Extraction — Unstructured Data (LLM)

Convert PDFs, images, and text into structured rows.

version: 1.0.0
info:
  title: "Bronze {Entity} Extraction"
  table_name: "{bronze_layer}_{system}_{entity}"
  target_layer: "bronze"

source:
  type: "landing"
  path: "{data_root}/landing/{entity}/*.pdf"

extraction:
  provider: "openai"                      # openai | anthropic | azure_openai | ollama
  model: "gpt-4o"
  temperature: 0.0
  preprocessing:
    content_type: "pdf"                   # pdf | image | audio | video | html | text
    ocr:
      enabled: true
      engine: "azure_di"                  # tesseract | azure_di | textract | google_vision
    chunking:
      strategy: "page"
      max_chunk_tokens: 4000
  output_schema:
    - name: "invoice_number"
      type: "string"
      extraction_task: "extraction"
    - name: "vendor_name"
      type: "string"
      extraction_task: "ner"
    - name: "total_amount"
      type: "float"
      extraction_task: "extraction"
  confidence:
    enabled: true
    method: "field_completeness"
  max_cost_per_run: 25.00
  redact_pii_before_llm: true

materialization:
  strategy: "append"

lineage:
  enabled: true

Each template uses {placeholder} syntax that auto-resolves from your _system.yaml and _domain.yaml configuration. See System Config for all available placeholders.

Contract Anatomy

Every contract can include these sections (all optional except version):

Section	Purpose	Sub-Page
`version` / `info` / `metadata`	Identity, ownership, classification	This page
`source`	Where to read data from	Ingestion
`source.watermark_strategy`	How to track incremental progress	Watermark Strategies
`model`	Schema definition (fields, types, PII)	Schema & Model
`transformations`	Data transforms (rename, join, SQL)	Transformations
`quality`	Validation rules (row + dataset)	Quality
`materialization`	Write strategy (append, merge, SCD2)	Materialization
`materialization.scd2` / `fact`	Kimball dimensional modeling	Dimensional Modeling
`service_levels`	Contract-level SLO overrides	SLOs
`quarantine`	Bad row handling + notifications	Notifications
`lineage`	Provenance tracking columns	Schema & Model
`compliance`	GDPR, EU AI Act, etc.	Compliance
`links`	Reference data for joins	Ingestion
`extraction`	LLM-based extraction	LLM Extraction
`external_logic`	Custom Python / notebook	This page

Pipeline Execution Order

This is the actual sequence the LakeLogic engine follows for every contract run:

Step	Stage	What Happens
1	Source loading	Read from source (file/table)
2	Pre-transforms	rename, filter, deduplicate, cast (`phase: "pre"`)
3	Schema enforcement	Cast columns to contract types
4	Pre quality rules	Validate source columns → quarantine failures
5	Good/bad split	Route bad rows to quarantine
6	Post-transforms	derive, lookup, join, SQL, rollup (`phase: "post"`)
7	Post quality rules	Validate derived columns → quarantine failures
8	PII masking	Apply field-level masking strategies
9	Lineage injection	Stamp `_lakelogic_*` columns
10	Materialization	Write to Delta (append/merge/scd2/overwrite)
11	Run logging	Write metadata to `_run_logs`
12	Notifications	Alert on failures, SLO breaches, quarantine

Multi-Dataset Joins (Links)

Contracts can reference additional datasets via links: and use them in SQL transforms.
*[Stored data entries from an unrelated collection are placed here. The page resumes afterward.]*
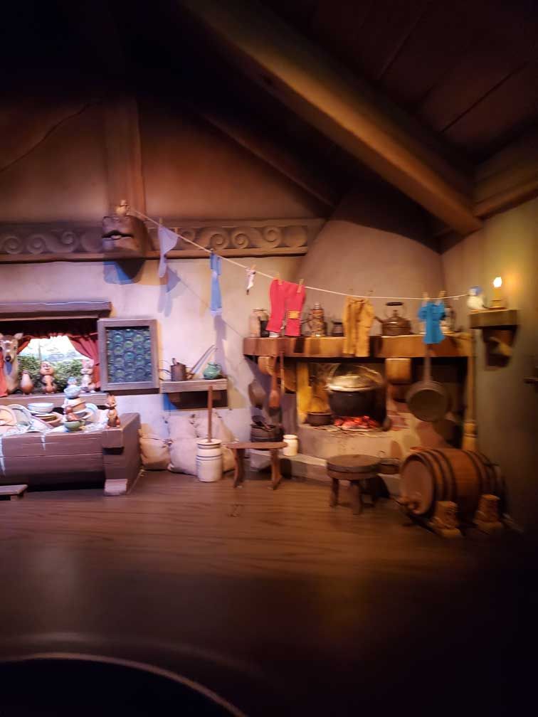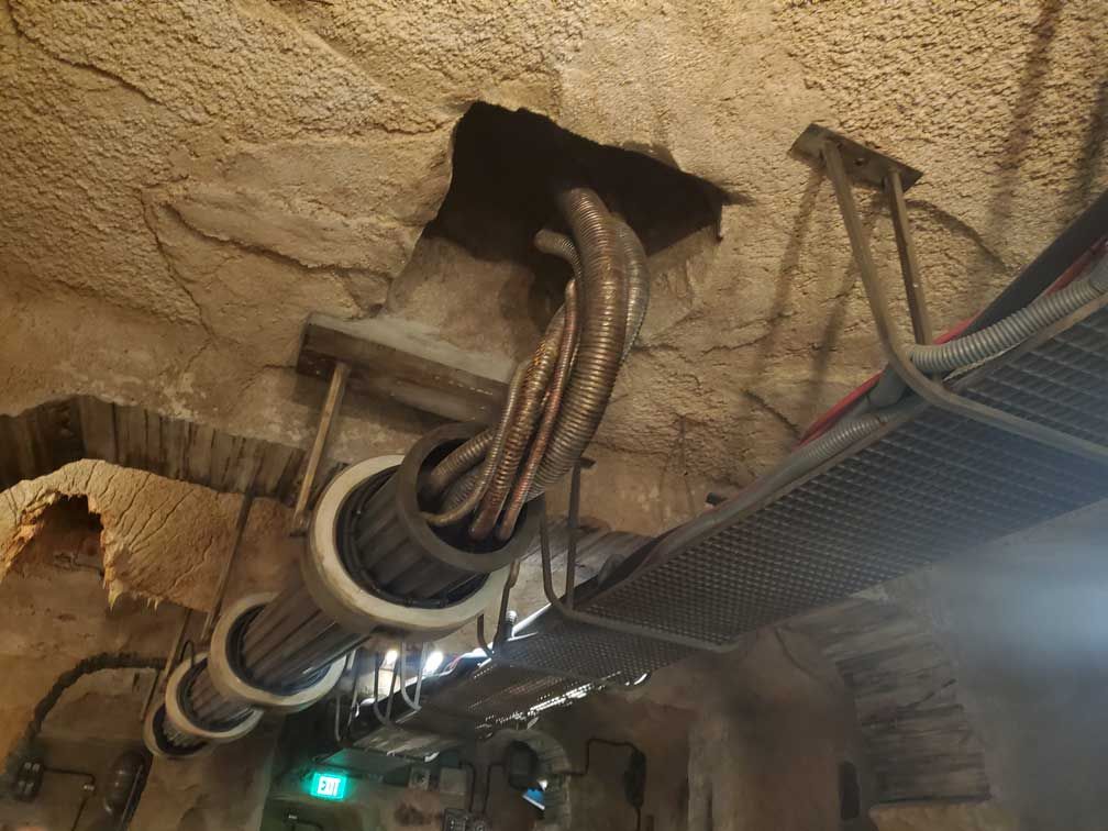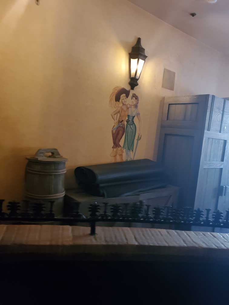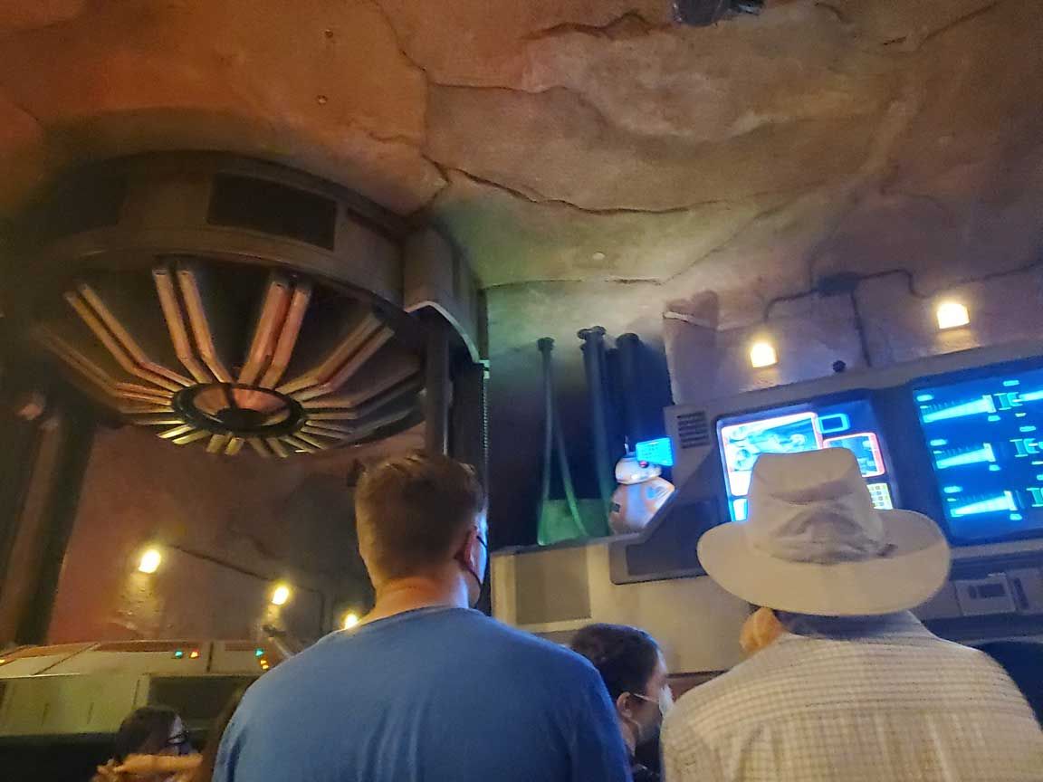 At this point in the queue I was starting to think about the POV of the Imagineers. I was looking at this duct work on the ceiling and wondered about the back story as to why the Imagineers thought to include this piece of hardware and why they chose this room to run it through. I bet they have a playbook explaining this!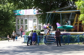 У середу, 23 травня, в парку Гагаріна досить багато бажаючих покататися на каруселях, деякі з них досі готують до експлуатації. Біля вищевказаних «гірок» помічений чоловік з пульверизатором і жовтою фарбою.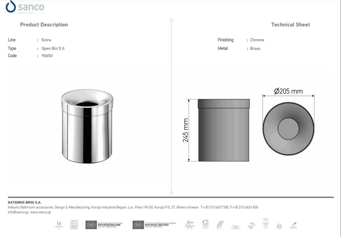 Χαρτοδοχείο Ανοιχτό 5lt Χρωμέ Sanco Brass Chrome Open Bins 90660-A03Ειδική Τιμή 54,00 € Κανονική τιμή 60,00 € -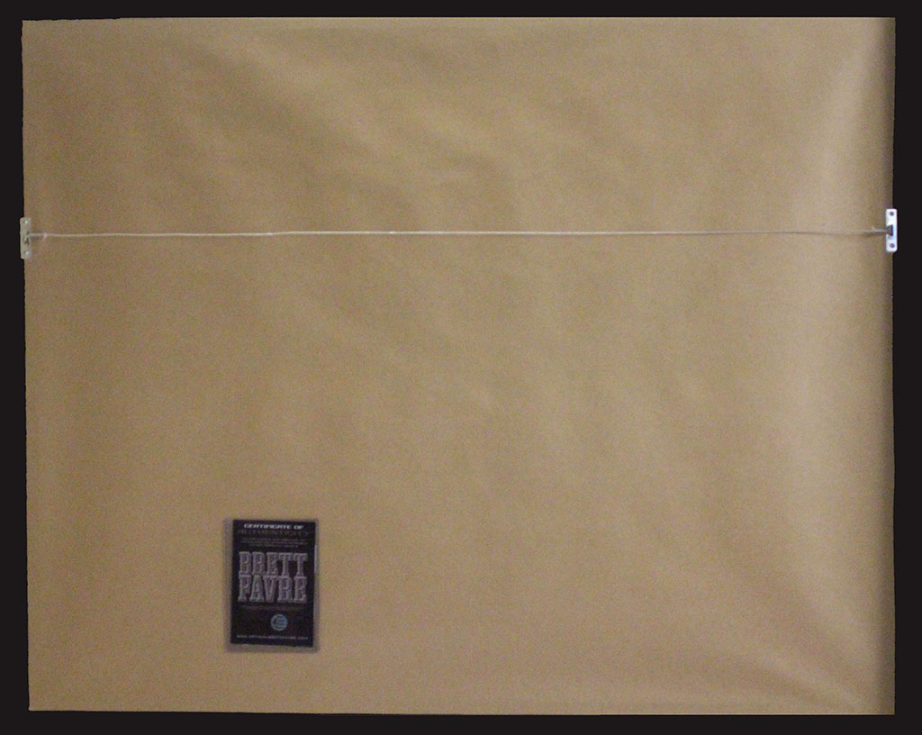 A beautifully framed autographed Brett Favre Packers Jersey. The autograph is certified by Favre and includes a sticker on the Jersey and a matching certificate attached to the back of the frame.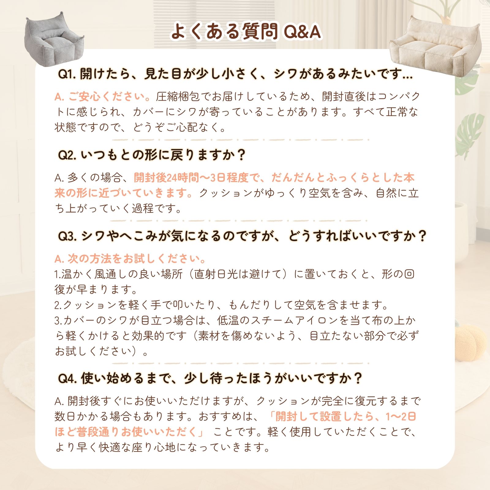 【コンパクトで場所を取らないデザイン】クッションソファは小さめのサイズで設計されており、リビングや寝室、ワークスペースなど、どんな場所にも無理なく設置できます。場所を取らないため、限られたスペースでも快適に使えます。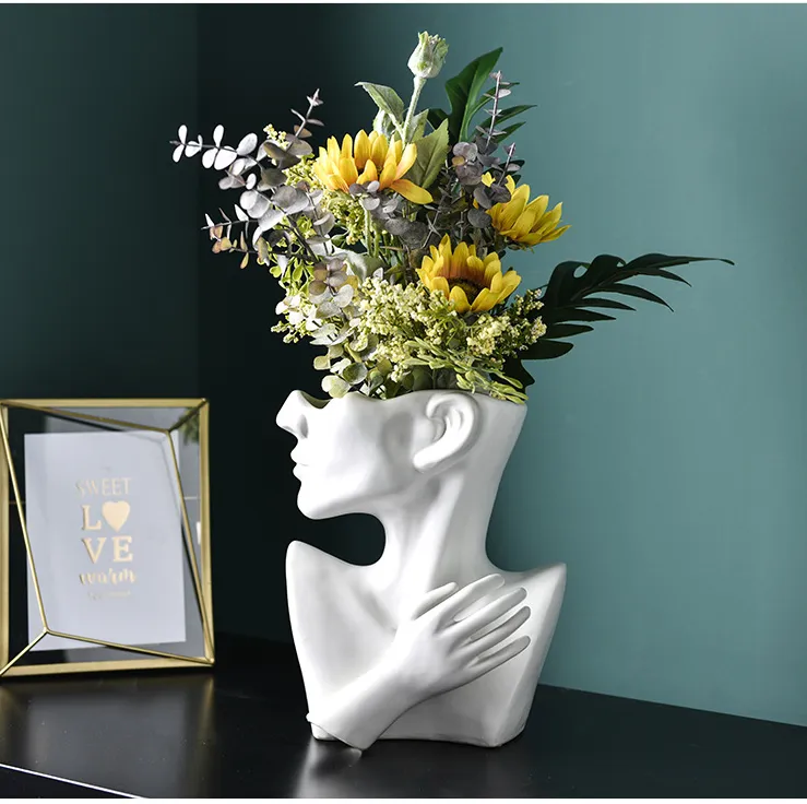 Jarrón con Retrato Creativo de Estilo Nórdico Moderno: Florero con Cabeza Humana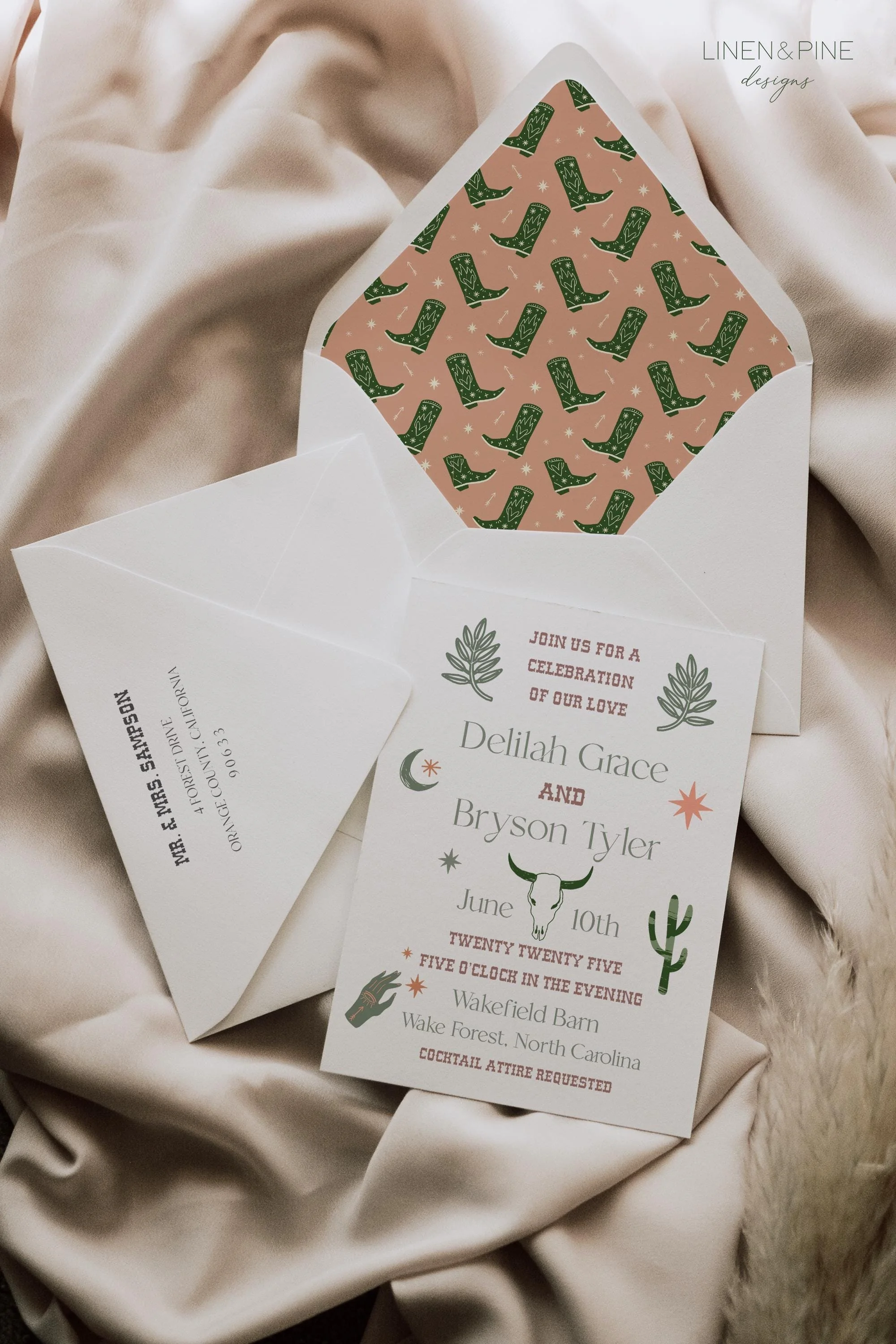 -Guest Euro-Flap Envelopes (choose your color) + cowboy envelope liner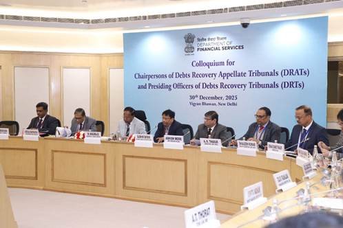 वित्त मंत्रालय के वित्तीय सेवा विभाग (डीएफएस) ने आज नई दिल्ली के विज्ञान भवन में ऋण वसूली अपीलीय अधिकरणों (डीआरएटी) के अध्यक्षों और पीठासीन अधिकारियों की बैठक का आयोजन किया। डीएफएस के सचिव ने बैठक में उपस्थित डीएफएस के वरिष्ठ अधिकारियों, विभिन्न सार्वजनिक और निजी क्षेत्र के बैंकों और भारतीय बैंक संघ के प्रतिनिधियों को संबोधित किया।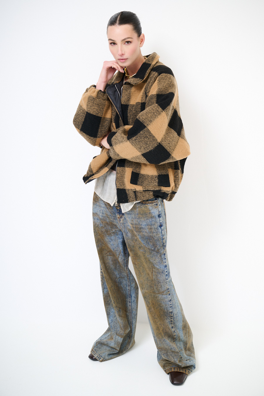 BOMBER QUADRO LANACOTTA CAMMELLO/NERO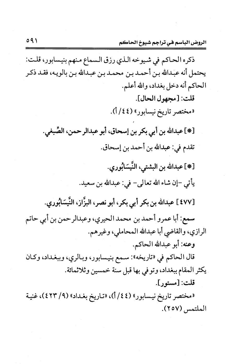 [477] عبد الله بن بكر أبي بكر، أبو نصر، البزَّاز، النَّيسَابُوري.
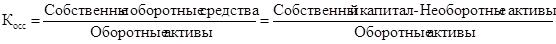 Основными причинами снижения коэффициента обеспеченности финансовых обязательств активами в 2006-2008 гг. являются: 1) снижение долгосрочных и краткосрочных обязательств: а) в 2007 г. к 2006 г. – на 11 % с 55713 млн. р. до 49963 млн. р.; б) в 2008 г. к 2007 г. – на 4 % с 49963 млн. р. до 47810 млн. р. 2) увеличение валюты баланса предприятия: а) в 2007 г. к 2006 г. – на 19 % с 265301 млн. р. до 316701 млн. р.; б) в 2008 г. к 2007 г. – на 7,8 % с 316701 млн. р. до 341502 млн. р. Коэффициент обеспеченности собственными оборотными средствами Косс характеризует наличие у предприятия собственных оборотных средств, необходимых для его финансовой устойчивости и определяется по формуле
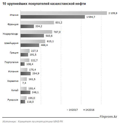 В 2017 году наиболее крупным покупателем казахстанской нефти по-прежнему остается Италия – порядка 34,8% доходов от продажи нефти обеспечила данная страна. За год объемы покупок итальянскими предприятиями сырья из Казахстана выросли почти на $545 миллионов, это самый значительный прирост показателя в листе стран-покупателей.

This is how you join multiple datasets within a single contract:

# Register a reference dataset
links:
  - name: "customers"
    path: "{data_root}/{silver_layer}_{system}_customers"
    type: "delta"

source:
  type: "table"
  path: "{data_root}/{bronze_layer}_{system}_orders"
  load_mode: "incremental"

transformations:
  # Pre: deduplicate orders
  - phase: pre
    sql: >
      SELECT * FROM (
        SELECT *, ROW_NUMBER() OVER (PARTITION BY order_id ORDER BY order_date DESC) as rn
        FROM source
      ) WHERE rn = 1

  # Post: enrich with customer data via linked dataset
  - phase: post
    sql: >
      SELECT
        o.order_id, o.customer_id, o.order_date,
        o.quantity, o.unit_price,
        ROUND(o.quantity * o.unit_price * (1.0 - COALESCE(o.discount_pct, 0)), 2) AS line_total,
        c.name AS customer_name,
        c.email AS customer_email,
        COALESCE(c.segment, 'unknown') AS customer_segment
      FROM source o
      LEFT JOIN customers c ON o.customer_id = c.customer_id

links: datasets are registered as named tables available in SQL. The source table is always available as source.

Identity & Metadata

version: 1.0.0

info:
  title: "Customer Master Data - Silver Layer"
  version: "2.1.0"
  description: "Validated, deduplicated customer records"
  owner: "data-platform-team@company.com"
  contact:
    email: "data-platform@company.com"
    slack: "#data-quality"
  target_layer: "silver"
  status: "production"          # development, staging, production, deprecated
  classification: "confidential" # public, internal, confidential, restricted
  domain: "sales"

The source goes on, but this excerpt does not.